As seen, this still somewhat hazy idea of "open source culture" is giving way to more tangible measures like "reach in open source communities" (which jumped 9% points in the last year) and "developer hiring" (up 6% points) gaining momentum. Why does it matter? Because open source matters. A lot.
While some companies say they "rarely" (8.5%) or "never" (16%) use open source in commercial products, this is increasingly hard to believe. According to the survey, 91% of enterprises use open source (the remainder "don't know" or think they don't, but actually do). Open source is a fact of software development--it's no longer a question of whether organizations use open source (they do--all of them) but rather how they use it.

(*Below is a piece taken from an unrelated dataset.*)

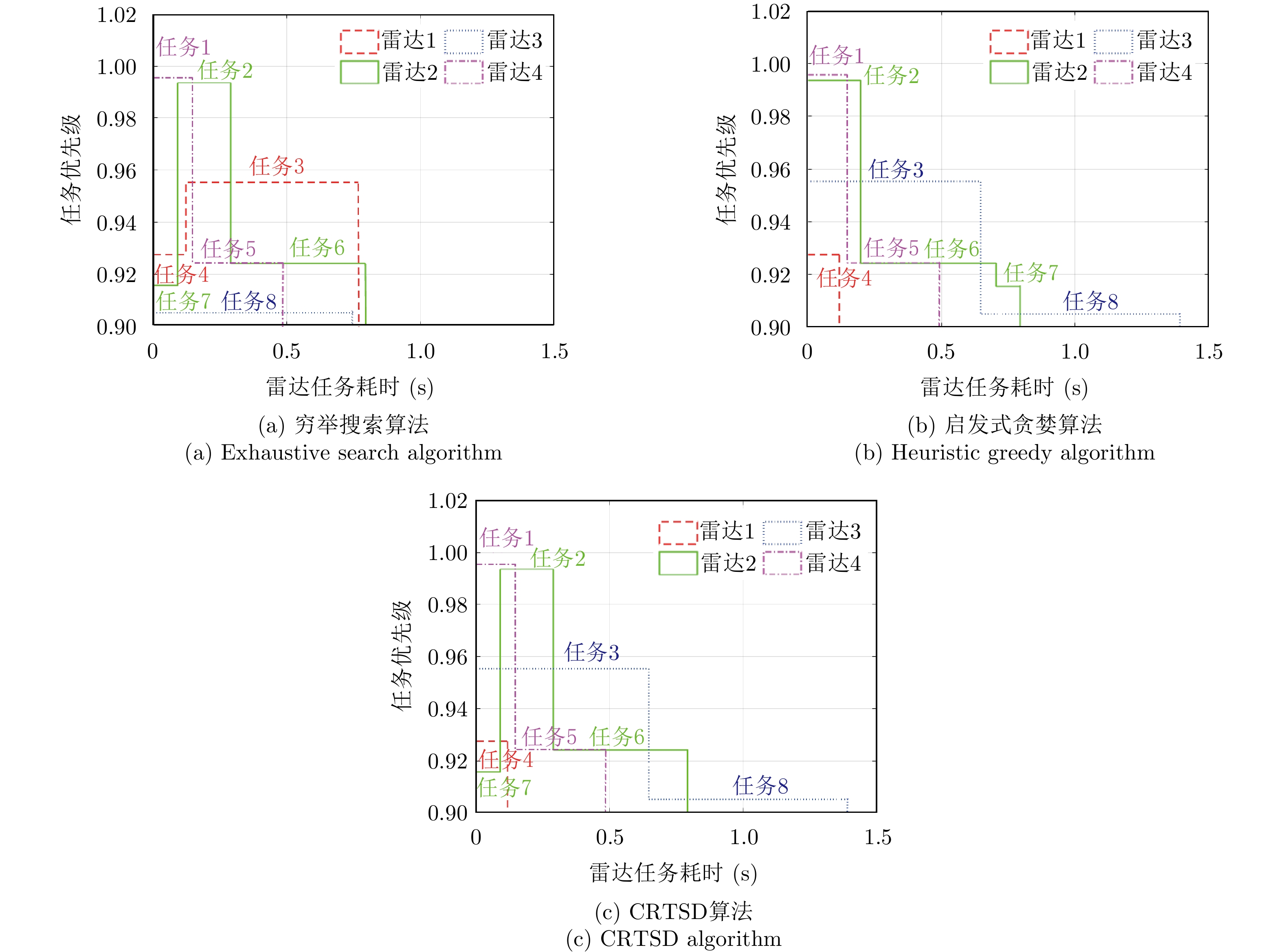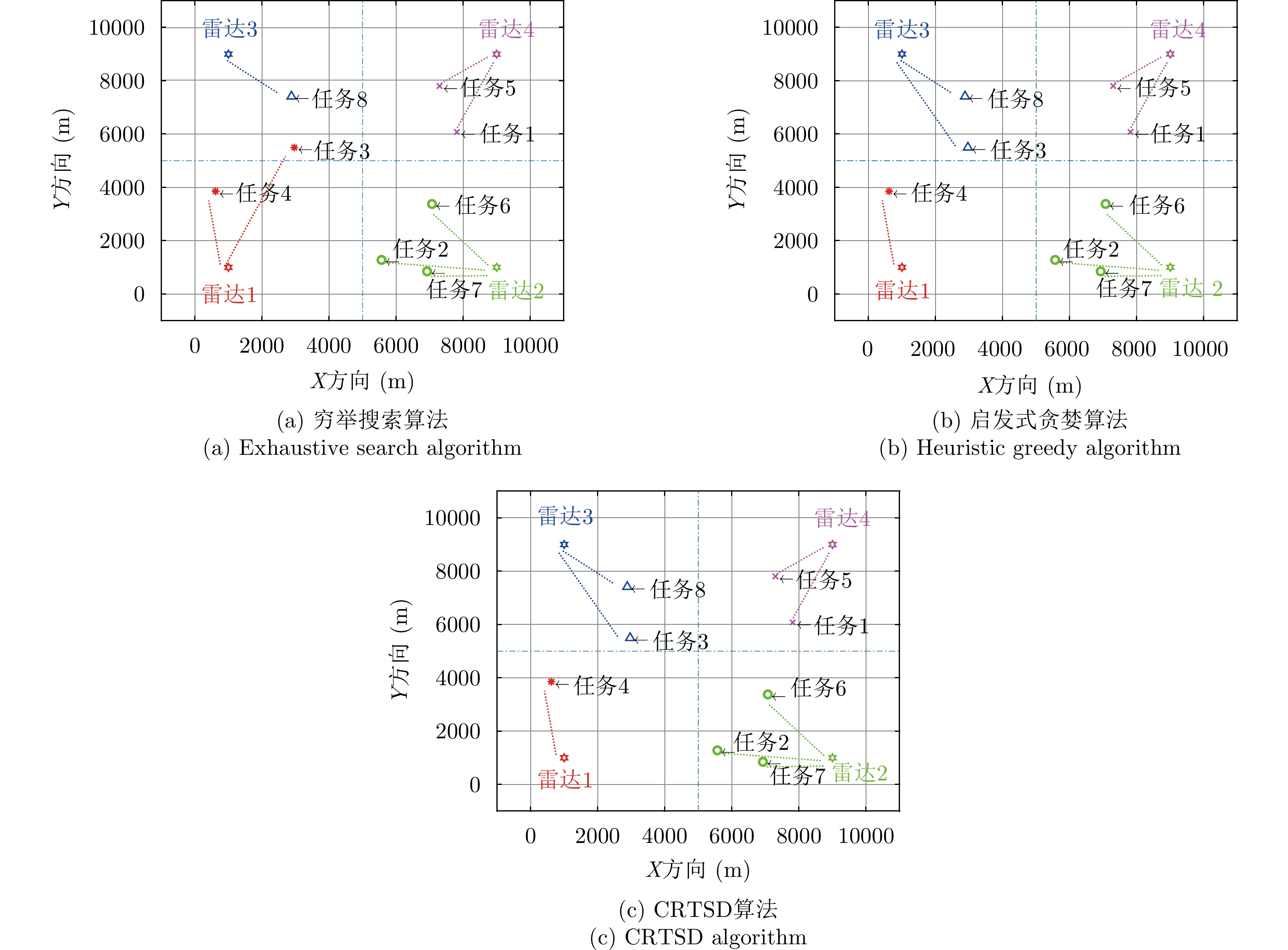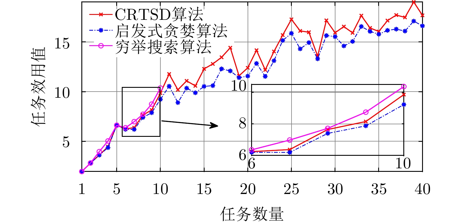 该文针对多雷达协同场景下的多任务实时规划问题,提出了一种基于任务效用最大化的多雷达协同在线任务规划模型。该模型以任务效用函数最大化为目标将多雷达协同任务分配建模成一个基于整数规划的多变量混合优化问题;随后提出了启发式穷举搜索算法和基于凸松弛的两步解耦算法,可在多项式时间内完成了该NP难优化问题的求解,且分别在优化性能和计算效率方面有所侧重。仿真实验表明,相比于可找到最优解的穷举搜索算法,该文提出算法可有效降低任务规划问题复杂度,提升问题求解效率,以满足在线任务分配的实时性要求。 该文针对多雷达协同场景下的多任务实时规划问题,提出了一种基于任务效用最大化的多雷达协同在线任务规划模型。该模型以任务效用函数最大化为目标将多雷达协同任务分配建模成一个基于整数规划的多变量混合优化问题;随后提出了启发式穷举搜索算法和基于凸松弛的两步解耦算法,可在多项式时间内完成了该NP难优化问题的求解,且分别在优化性能和计算效率方面有所侧重。仿真实验表明,相比于可找到最优解的穷举搜索算法,该文提出算法可有效降低任务规划问题复杂度,提升问题求解效率,以满足在线任务分配的实时性要求。

The why has long since been answered (Figure B).
As for that question of "how," there are still too few companies that use but don't sell technology that are active open source participants; those that are active can serve as an example to others. Take Netflix, which last week launched Mantis (for real-time stream processing) and Polynote (simplifying data science and machine learning workflows)--two significant open source projects in one week. It's a great way to potentially offload some of the development work for these projects, but it's an even better way to foster its open source culture as a magnet for the best and brightest engineers.
That's just one example, and we need more. Given the outsized benefits open source affords, it's time for more organizations to get smart about open source. An open source program office (which just 36% of those surveyed have at their organizations) is no panacea, but can help.
Disclosure: I work for AWS, but the views expressed herein are mine alone, and are not influenced by or meant to help my employer.